#### What you will do:
If pictures are present, leave them out, and copy the data word for word.

#### Source material:
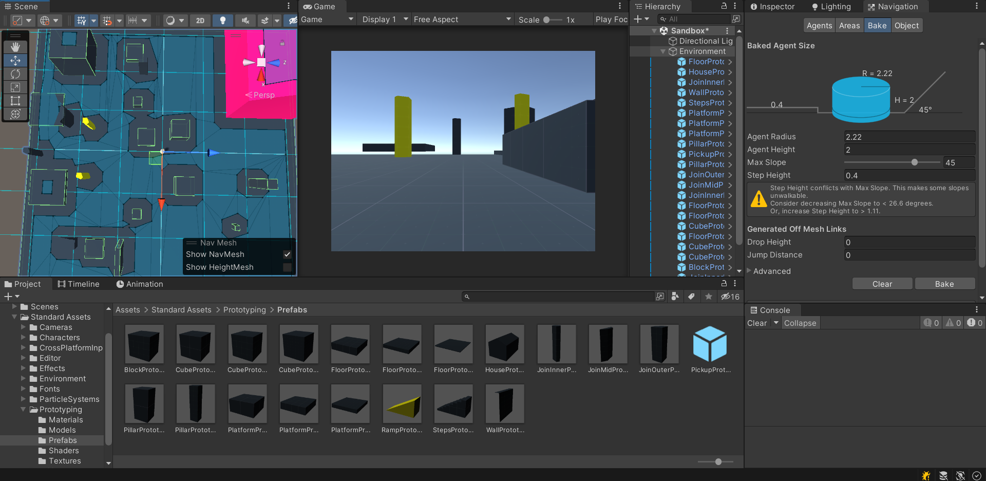 여기서 NavMesh간의 사이에 틈이 생겨 Agent들이 올라가거나 내려올 수 없는 경우가 생긴다.
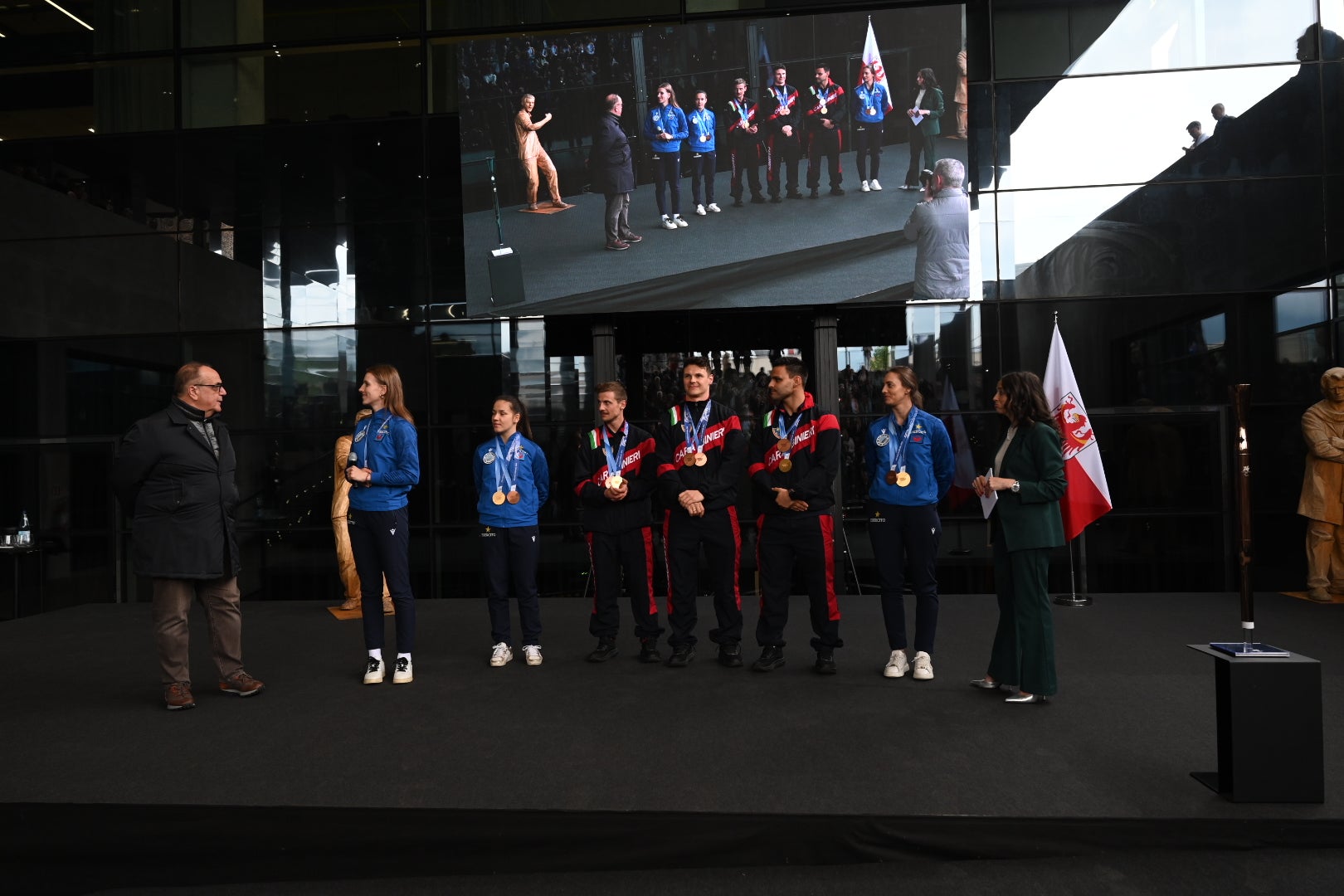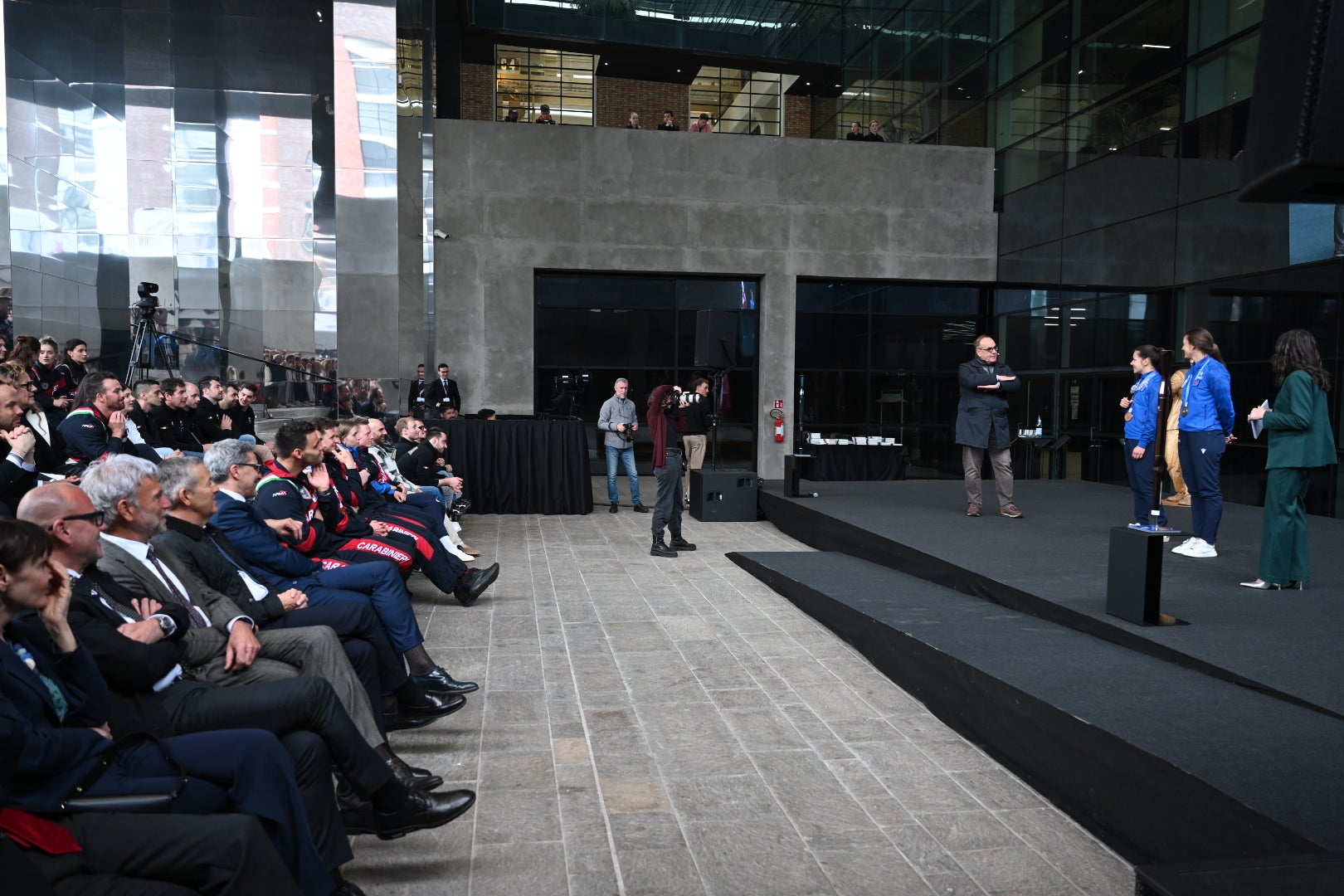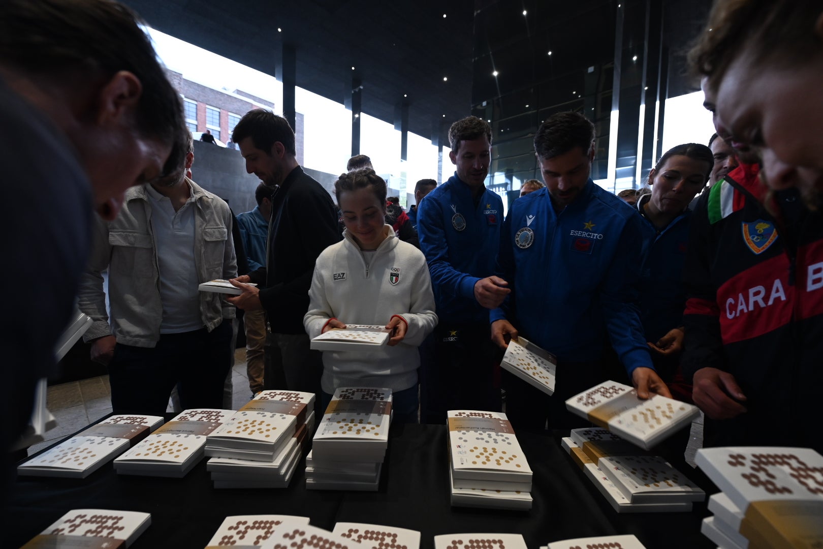 Alla fine dell’evento foto, sorrisi, emozioni e il brindisi di rito per tutti, con un occhio, per molti, già rivolto all’appuntamento con i Giochi olimpici e paralimpici del 2030 sulle Alpi francesi.
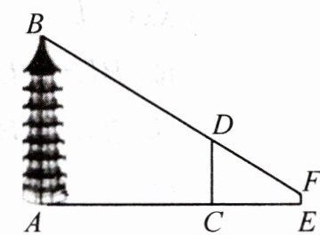 例1 如图,AB表示塔的高度,CD表示竹竿顶端到地面的高度,EF表示人眼到地面的高度,AB,CD,EF在同一平面内,点A,C,E在一条水平直线上.已知$AC=20m$,$CE=10m$,$CD=7m$,$EF=1.4m$,从点F远眺塔顶B,视线恰好经过竹竿的顶端D.根据以上信息,求塔的高度.
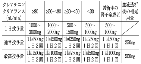 - 在为成人肾功能障碍的患者使用该药物时,请调整该药物的剂量和给药间隔,作为下表所示的肌酐清除值的参考。在接受血液透析的成年患者中,除了根据肌酐清除率的每日剂量外,还应在进行血液透析后进行额外给药。由于此处显示的使用和剂量是基于模拟结果,因此请调整使用和剂量,同时仔细观察每个患者。
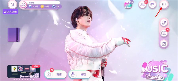 1、首先打开在本站下载的Rhythm Hive游戏,在主界面中点击右上方的9个点按钮。
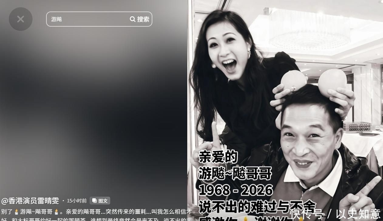 曾活跃于TVB荧屏二十余载的实力派演员游飚,因突发性脑干出血,经连续12昼夜全力救治仍未能挽回生命,于当晚离世,享年57岁。

#### Written solution:
 여기서 NavMesh간의 사이에 틈이 생겨 Agent들이 올라가거나 내려올 수 없는 경우가 생긴다.
 Alla fine dell’evento foto, sorrisi, emozioni e il brindisi di rito per tutti, con un occhio, per molti, già rivolto all’appuntamento con i Giochi olimpici e paralimpici del 2030 sulle Alpi francesi.
 例1 如图,AB表示塔的高度,CD表示竹竿顶端到地面的高度,EF表示人眼到地面的高度,AB,CD,EF在同一平面内,点A,C,E在一条水平直线上.已知$AC=20m$,$CE=10m$,$CD=7m$,$EF=1.4m$,从点F远眺塔顶B,视线恰好经过竹竿的顶端D.根据以上信息,求塔的高度.
 - 在为成人肾功能障碍的患者使用该药物时,请调整该药物的剂量和给药间隔,作为下表所示的肌酐清除值的参考。在接受血液透析的成年患者中,除了根据肌酐清除率的每日剂量外,还应在进行血液透析后进行额外给药。由于此处显示的使用和剂量是基于模拟结果,因此请调整使用和剂量,同时仔细观察每个患者。
 1、首先打开在本站下载的Rhythm Hive游戏,在主界面中点击右上方的9个点按钮。
 曾活跃于TVB荧屏二十余载的实力派演员游飚,因突发性脑干出血,经连续12昼夜全力救治仍未能挽回生命,于当晚离世,享年57岁。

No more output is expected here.